How to complete this task :: Skip the pictures and restate, word for word, the lines from the one containing "洋洋欧美跨境夏季新款短袖针织短裙套装休闲时尚热卖款两件套女装" to the end of the data below.

Given data ::
^^^^^^^^^^^^^^^^
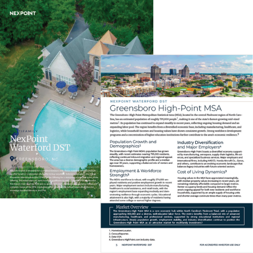 Introducing NexPoint Waterford DST, a multifamily offering centered on a low‑density residential community located within the Greensboro MSA, with a forecasted 4.51% Year-1 cash flow and a 48.6% LTC. NexPoint believes this offering is supported by the asset’s differentiated characteristics, including spacious floor plans with sunrooms, a comprehensive amenity package, and limited nearby competitive supply. Combined with targeted value‑add initiatives and favorable local economic drivers tied to aerospace and advanced manufacturing investment.
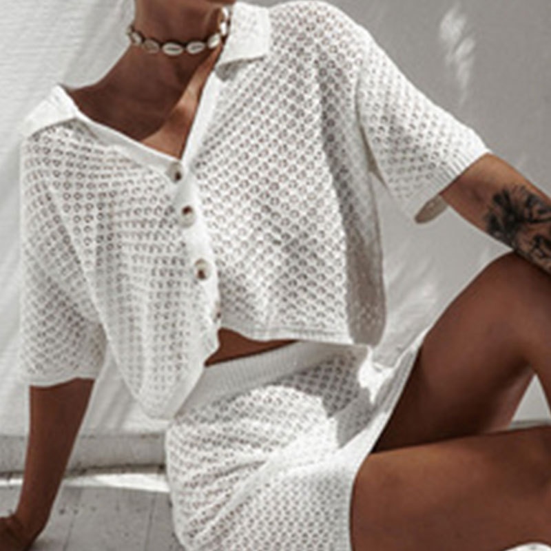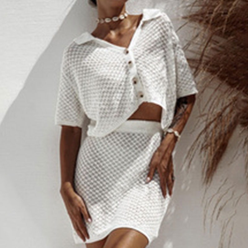 洋洋欧美跨境夏季新款短袖针织短裙套装休闲时尚热卖款两件套女装
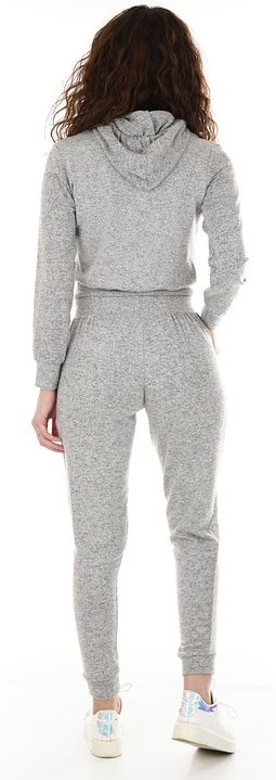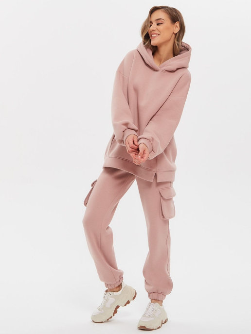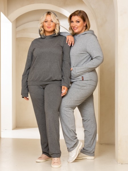 L'ensemble du fabricant russe est composé d'un sweat à capuche et d'un pantalon droit. Tissu - pied de page, composé à 65% de viscose. Le sweat-shirt et le pantalon ont des poches coupées. Le sweat-shirt est encadré d'un élastique en bas, il n'y a pas de revers sur les manches et les jambes.
^^^^^^^^^^^^^^^^
Task solution ::
 洋洋欧美跨境夏季新款短袖针织短裙套装休闲时尚热卖款两件套女装
 L'ensemble du fabricant russe est composé d'un sweat à capuche et d'un pantalon droit. Tissu - pied de page, composé à 65% de viscose. Le sweat-shirt et le pantalon ont des poches coupées. Le sweat-shirt est encadré d'un élastique en bas, il n'y a pas de revers sur les manches et les jambes.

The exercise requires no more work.